## WHAT IS BEING ASKED
Below are records to repeat exactly; copy them without the pictures.

## DATA LISTING

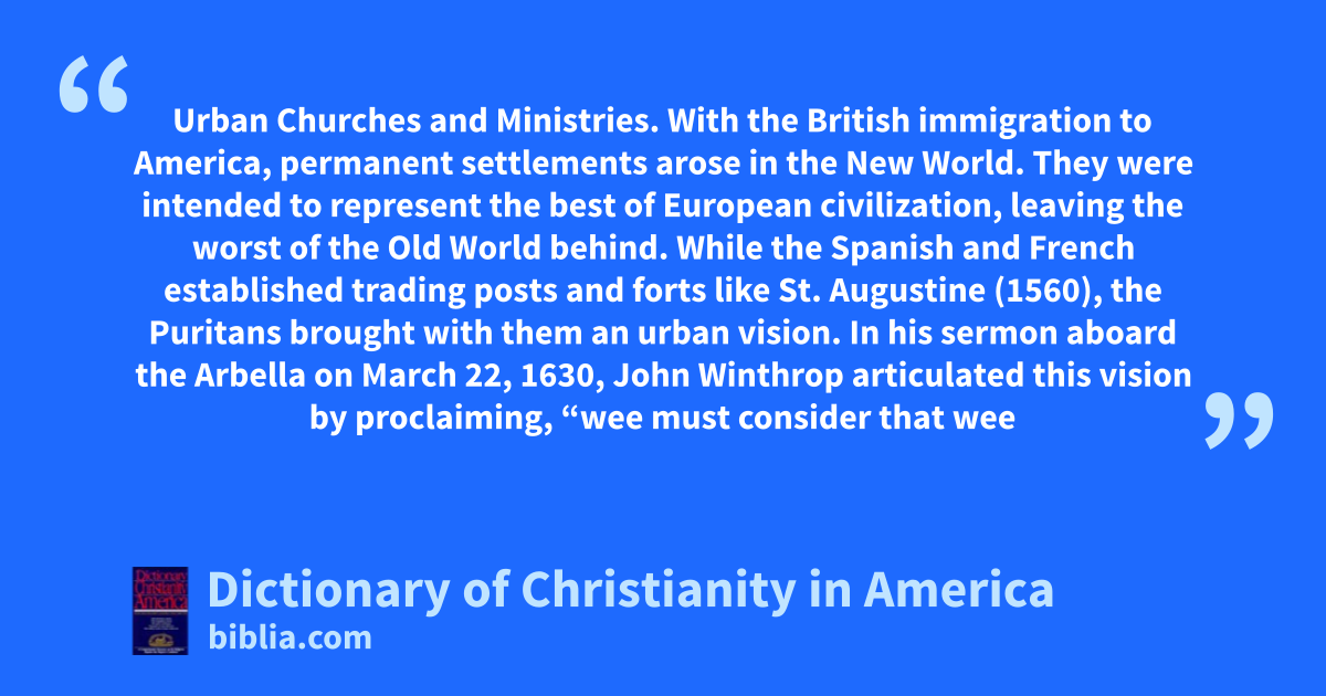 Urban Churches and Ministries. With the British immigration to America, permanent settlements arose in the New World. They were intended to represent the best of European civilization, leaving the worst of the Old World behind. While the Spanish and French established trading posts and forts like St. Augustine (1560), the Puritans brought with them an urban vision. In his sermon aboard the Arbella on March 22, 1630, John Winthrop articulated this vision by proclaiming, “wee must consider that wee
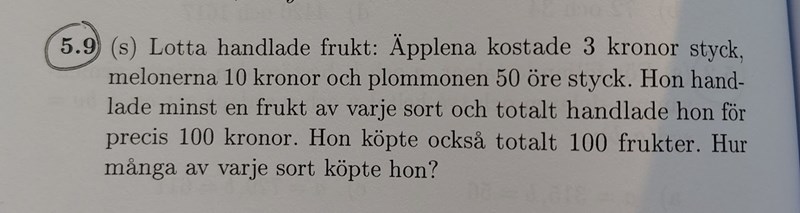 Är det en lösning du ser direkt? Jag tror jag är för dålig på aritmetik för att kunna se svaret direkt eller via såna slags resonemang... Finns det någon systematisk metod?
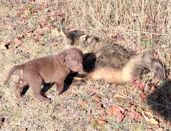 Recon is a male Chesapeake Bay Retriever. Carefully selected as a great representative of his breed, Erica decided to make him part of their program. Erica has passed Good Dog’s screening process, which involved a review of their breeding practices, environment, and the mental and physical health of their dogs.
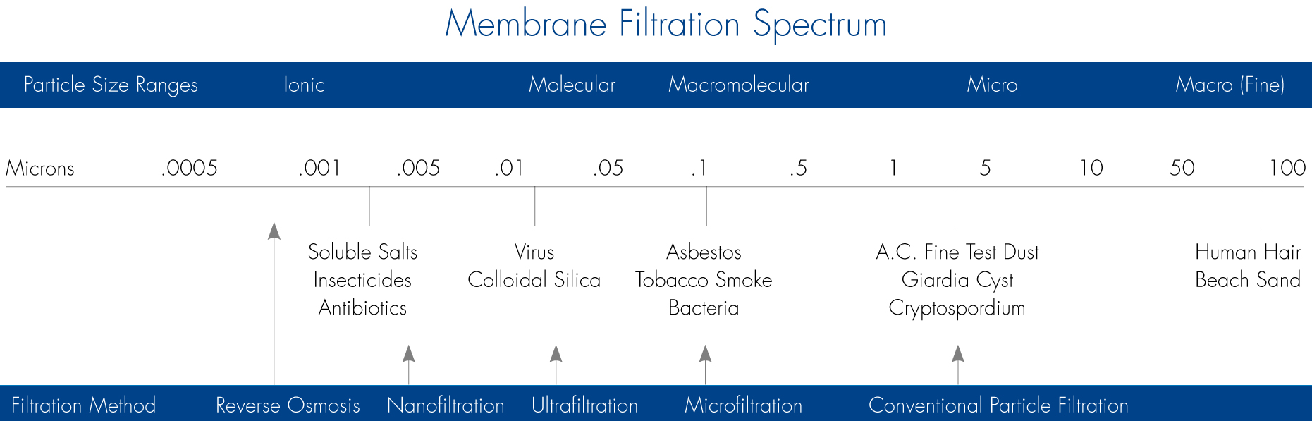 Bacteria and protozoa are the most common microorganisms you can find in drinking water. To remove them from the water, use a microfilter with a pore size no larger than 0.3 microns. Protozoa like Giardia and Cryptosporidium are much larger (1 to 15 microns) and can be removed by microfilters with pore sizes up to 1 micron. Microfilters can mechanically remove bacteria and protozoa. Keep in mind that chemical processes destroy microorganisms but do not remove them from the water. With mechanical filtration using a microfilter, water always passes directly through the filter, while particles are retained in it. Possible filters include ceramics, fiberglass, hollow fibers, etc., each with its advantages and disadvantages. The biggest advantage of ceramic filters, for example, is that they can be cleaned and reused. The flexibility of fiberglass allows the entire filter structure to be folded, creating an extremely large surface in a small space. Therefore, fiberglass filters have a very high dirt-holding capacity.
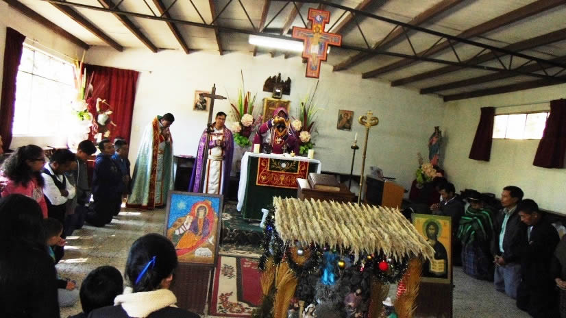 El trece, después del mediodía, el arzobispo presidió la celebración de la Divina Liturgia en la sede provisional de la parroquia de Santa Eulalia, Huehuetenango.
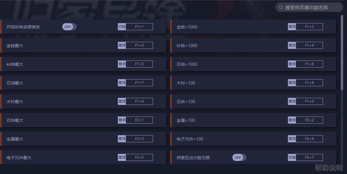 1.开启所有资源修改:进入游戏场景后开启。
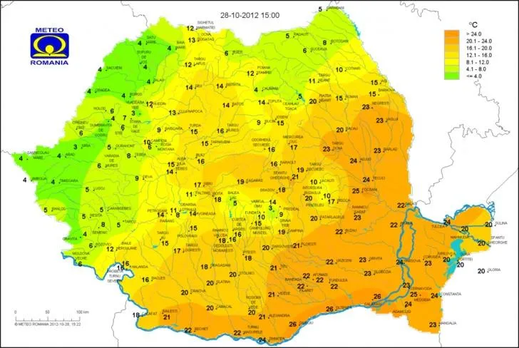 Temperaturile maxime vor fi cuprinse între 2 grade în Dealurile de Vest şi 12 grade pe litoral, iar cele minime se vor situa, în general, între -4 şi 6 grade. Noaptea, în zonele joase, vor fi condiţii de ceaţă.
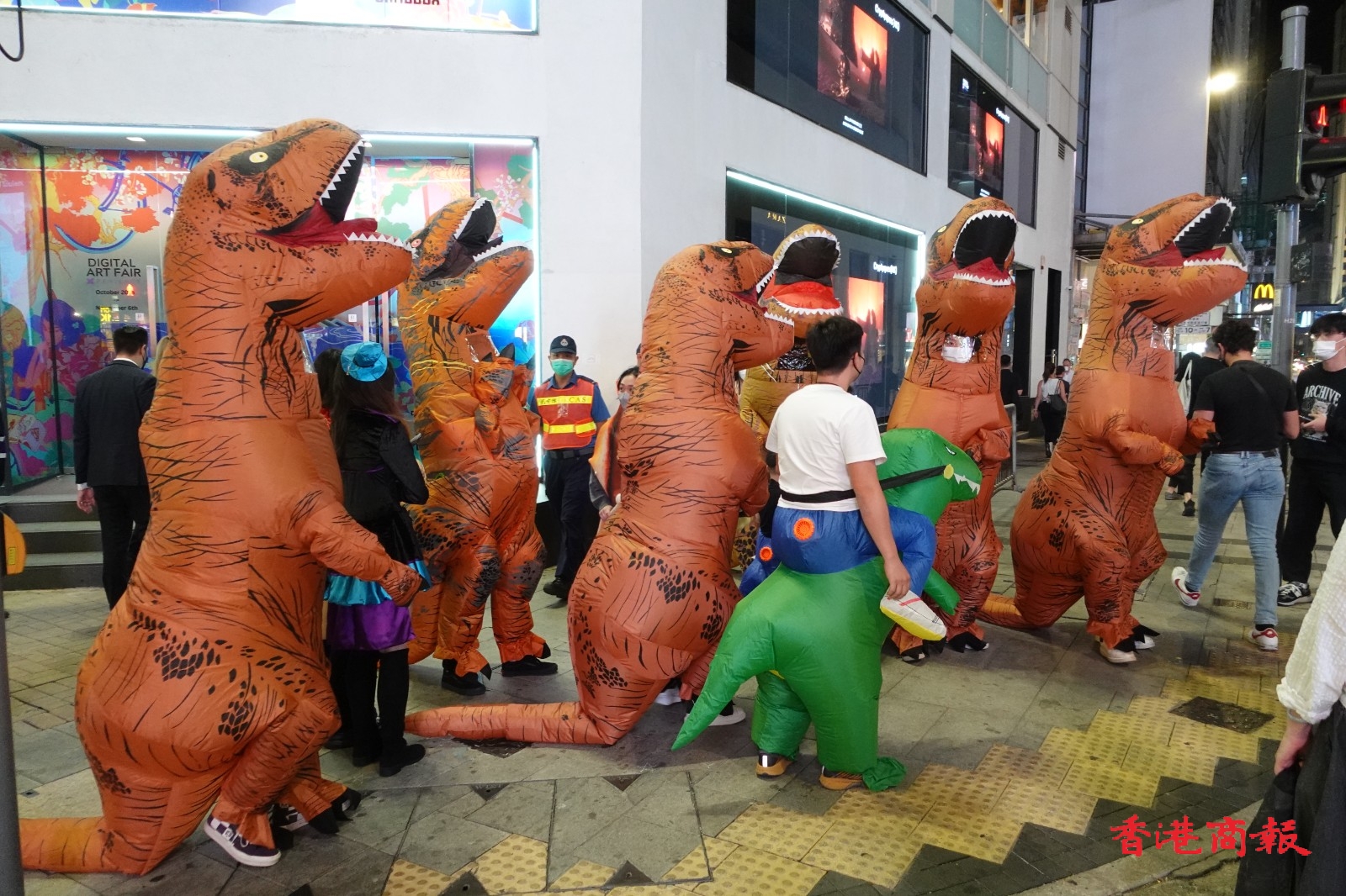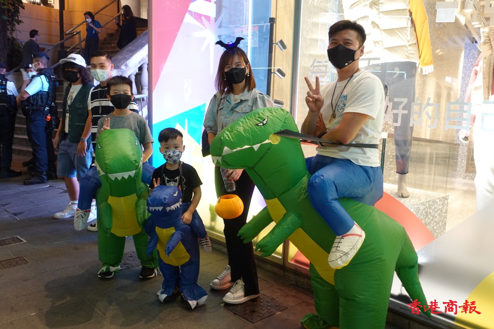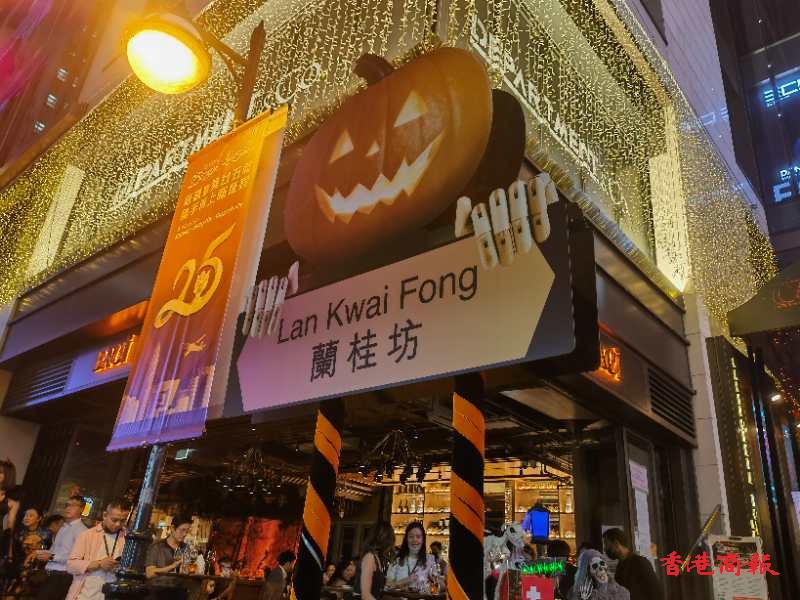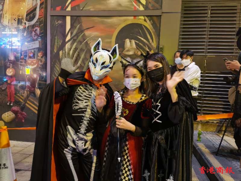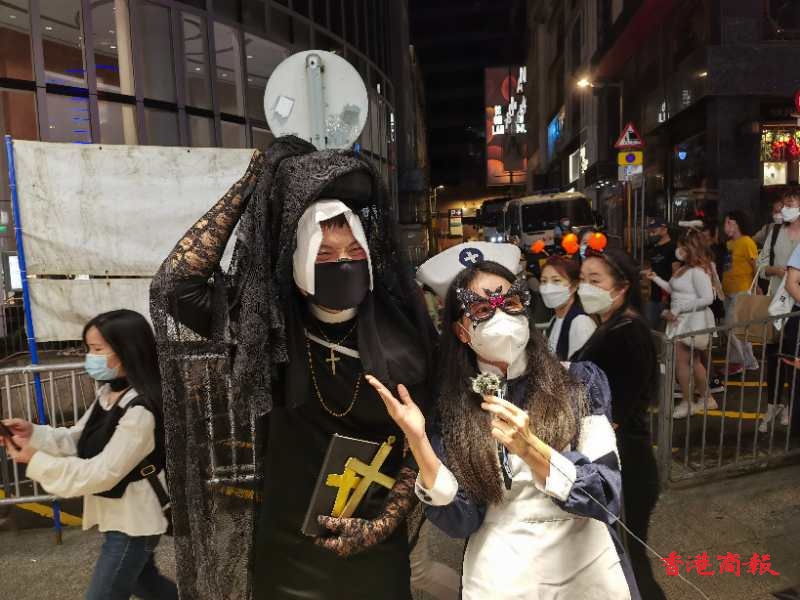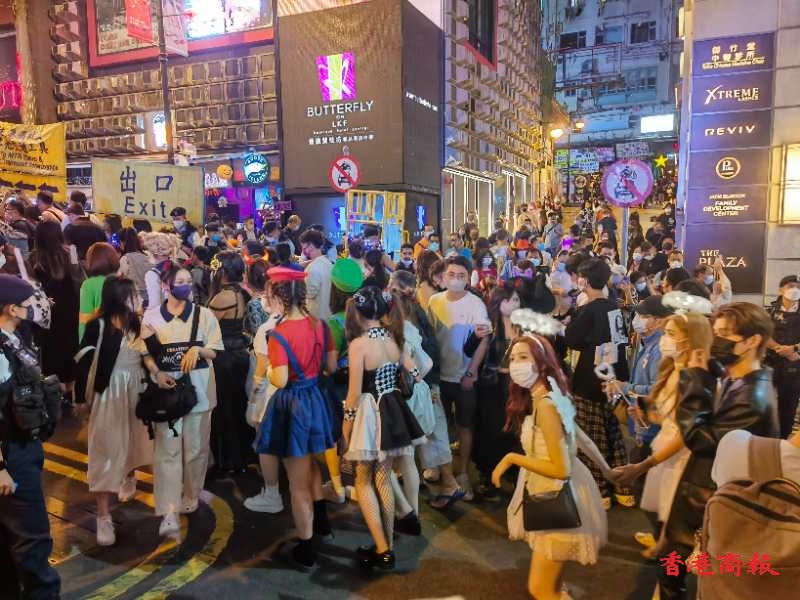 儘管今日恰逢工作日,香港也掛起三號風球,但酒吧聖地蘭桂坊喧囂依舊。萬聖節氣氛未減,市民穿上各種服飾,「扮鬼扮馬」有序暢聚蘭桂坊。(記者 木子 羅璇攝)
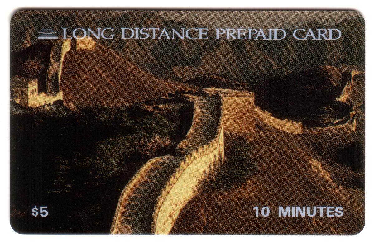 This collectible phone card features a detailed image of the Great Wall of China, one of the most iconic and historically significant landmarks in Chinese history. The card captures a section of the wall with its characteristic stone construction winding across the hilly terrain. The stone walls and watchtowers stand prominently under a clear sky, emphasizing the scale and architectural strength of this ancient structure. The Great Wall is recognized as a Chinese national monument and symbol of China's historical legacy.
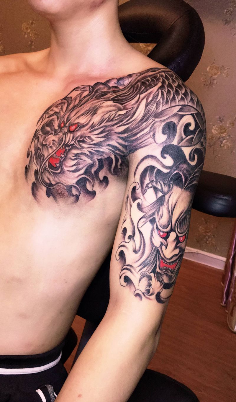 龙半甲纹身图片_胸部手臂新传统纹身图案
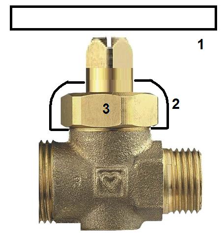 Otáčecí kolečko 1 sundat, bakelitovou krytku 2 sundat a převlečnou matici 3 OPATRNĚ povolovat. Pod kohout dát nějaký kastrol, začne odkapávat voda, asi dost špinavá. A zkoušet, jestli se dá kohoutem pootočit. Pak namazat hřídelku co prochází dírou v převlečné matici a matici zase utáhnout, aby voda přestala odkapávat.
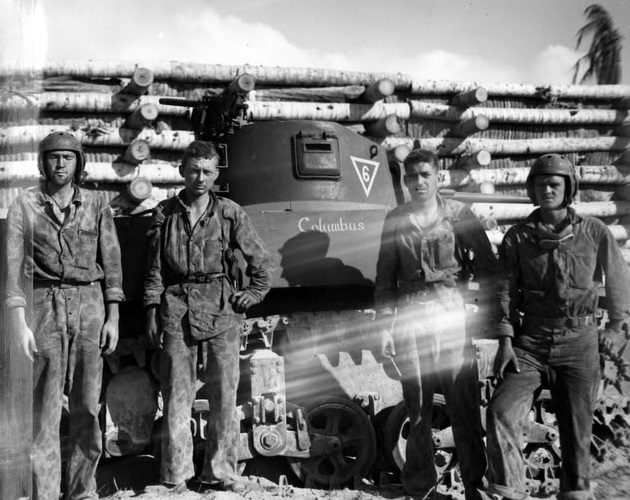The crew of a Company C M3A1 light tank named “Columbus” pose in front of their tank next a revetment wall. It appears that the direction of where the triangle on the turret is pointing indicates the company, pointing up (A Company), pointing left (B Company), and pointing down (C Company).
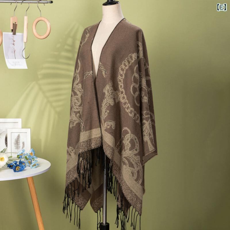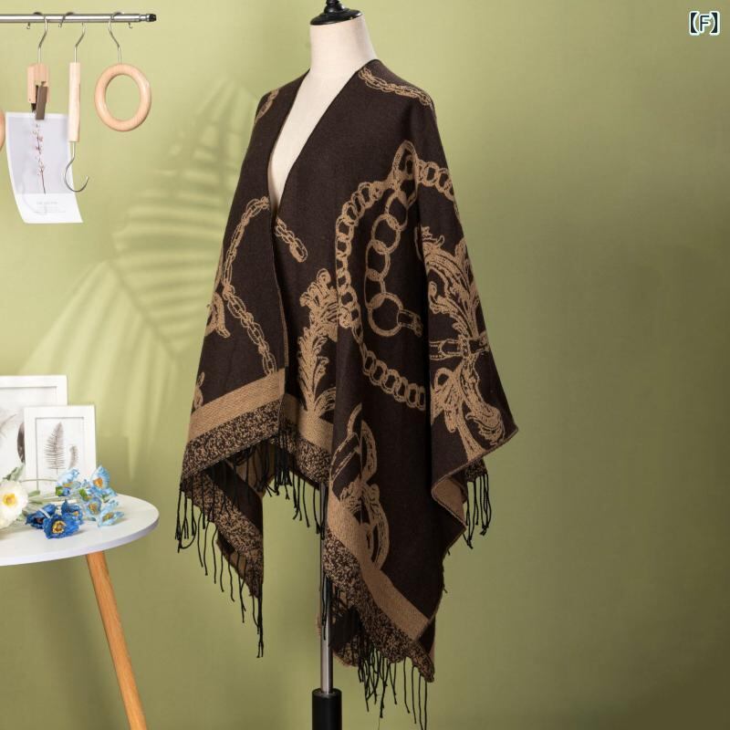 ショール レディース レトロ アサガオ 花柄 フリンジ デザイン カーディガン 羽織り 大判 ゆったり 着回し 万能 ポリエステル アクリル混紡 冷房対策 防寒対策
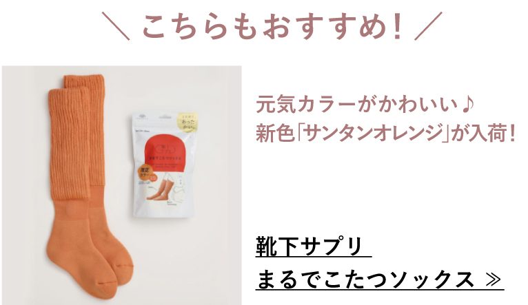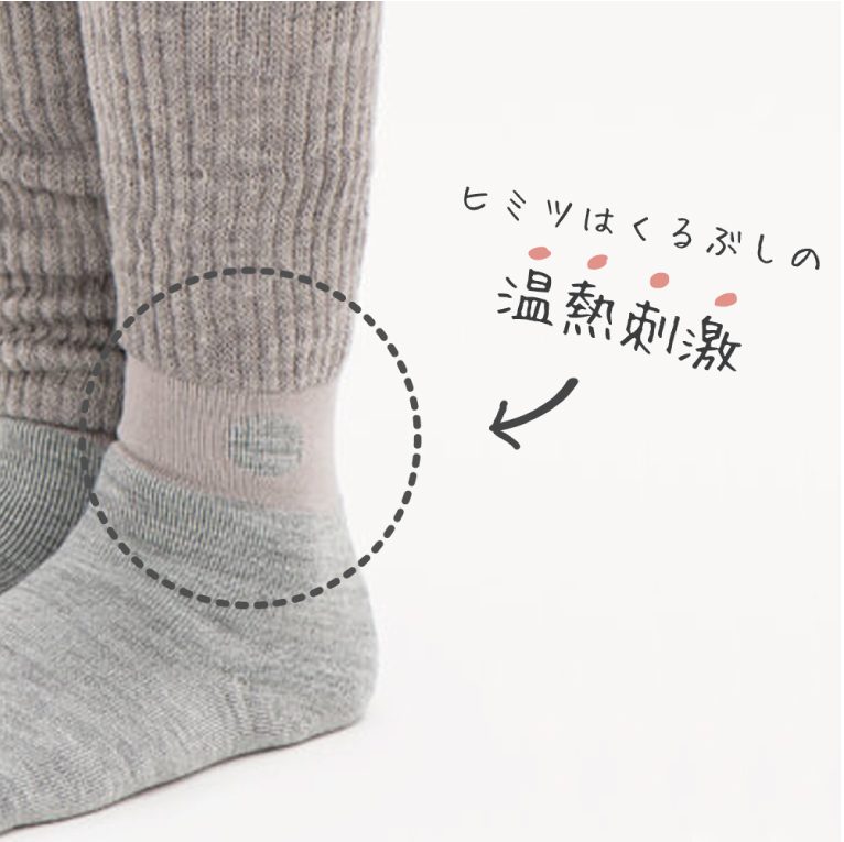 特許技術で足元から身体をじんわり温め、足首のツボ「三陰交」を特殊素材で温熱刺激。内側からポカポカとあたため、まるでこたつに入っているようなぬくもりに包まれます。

## RESPONSE AREA
 Urban Churches and Ministries. With the British immigration to America, permanent settlements arose in the New World. They were intended to represent the best of European civilization, leaving the worst of the Old World behind. While the Spanish and French established trading posts and forts like St. Augustine (1560), the Puritans brought with them an urban vision. In his sermon aboard the Arbella on March 22, 1630, John Winthrop articulated this vision by proclaiming, “wee must consider that wee
 Är det en lösning du ser direkt? Jag tror jag är för dålig på aritmetik för att kunna se svaret direkt eller via såna slags resonemang... Finns det någon systematisk metod?
 Recon is a male Chesapeake Bay Retriever. Carefully selected as a great representative of his breed, Erica decided to make him part of their program. Erica has passed Good Dog’s screening process, which involved a review of their breeding practices, environment, and the mental and physical health of their dogs.
 Bacteria and protozoa are the most common microorganisms you can find in drinking water. To remove them from the water, use a microfilter with a pore size no larger than 0.3 microns. Protozoa like Giardia and Cryptosporidium are much larger (1 to 15 microns) and can be removed by microfilters with pore sizes up to 1 micron. Microfilters can mechanically remove bacteria and protozoa. Keep in mind that chemical processes destroy microorganisms but do not remove them from the water. With mechanical filtration using a microfilter, water always passes directly through the filter, while particles are retained in it. Possible filters include ceramics, fiberglass, hollow fibers, etc., each with its advantages and disadvantages. The biggest advantage of ceramic filters, for example, is that they can be cleaned and reused. The flexibility of fiberglass allows the entire filter structure to be folded, creating an extremely large surface in a small space. Therefore, fiberglass filters have a very high dirt-holding capacity.
 El trece, después del mediodía, el arzobispo presidió la celebración de la Divina Liturgia en la sede provisional de la parroquia de Santa Eulalia, Huehuetenango.
 1.开启所有资源修改:进入游戏场景后开启。
 Temperaturile maxime vor fi cuprinse între 2 grade în Dealurile de Vest şi 12 grade pe litoral, iar cele minime se vor situa, în general, între -4 şi 6 grade. Noaptea, în zonele joase, vor fi condiţii de ceaţă.
 儘管今日恰逢工作日,香港也掛起三號風球,但酒吧聖地蘭桂坊喧囂依舊。萬聖節氣氛未減,市民穿上各種服飾,「扮鬼扮馬」有序暢聚蘭桂坊。(記者 木子 羅璇攝)
 This collectible phone card features a detailed image of the Great Wall of China, one of the most iconic and historically significant landmarks in Chinese history. The card captures a section of the wall with its characteristic stone construction winding across the hilly terrain. The stone walls and watchtowers stand prominently under a clear sky, emphasizing the scale and architectural strength of this ancient structure. The Great Wall is recognized as a Chinese national monument and symbol of China's historical legacy.
 龙半甲纹身图片_胸部手臂新传统纹身图案
 Otáčecí kolečko 1 sundat, bakelitovou krytku 2 sundat a převlečnou matici 3 OPATRNĚ povolovat. Pod kohout dát nějaký kastrol, začne odkapávat voda, asi dost špinavá. A zkoušet, jestli se dá kohoutem pootočit. Pak namazat hřídelku co prochází dírou v převlečné matici a matici zase utáhnout, aby voda přestala odkapávat.
The crew of a Company C M3A1 light tank named “Columbus” pose in front of their tank next a revetment wall. It appears that the direction of where the triangle on the turret is pointing indicates the company, pointing up (A Company), pointing left (B Company), and pointing down (C Company).
 ショール レディース レトロ アサガオ 花柄 フリンジ デザイン カーディガン 羽織り 大判 ゆったり 着回し 万能 ポリエステル アクリル混紡 冷房対策 防寒対策
 特許技術で足元から身体をじんわり温め、足首のツボ「三陰交」を特殊素材で温熱刺激。内側からポカポカとあたため、まるでこたつに入っているようなぬくもりに包まれます。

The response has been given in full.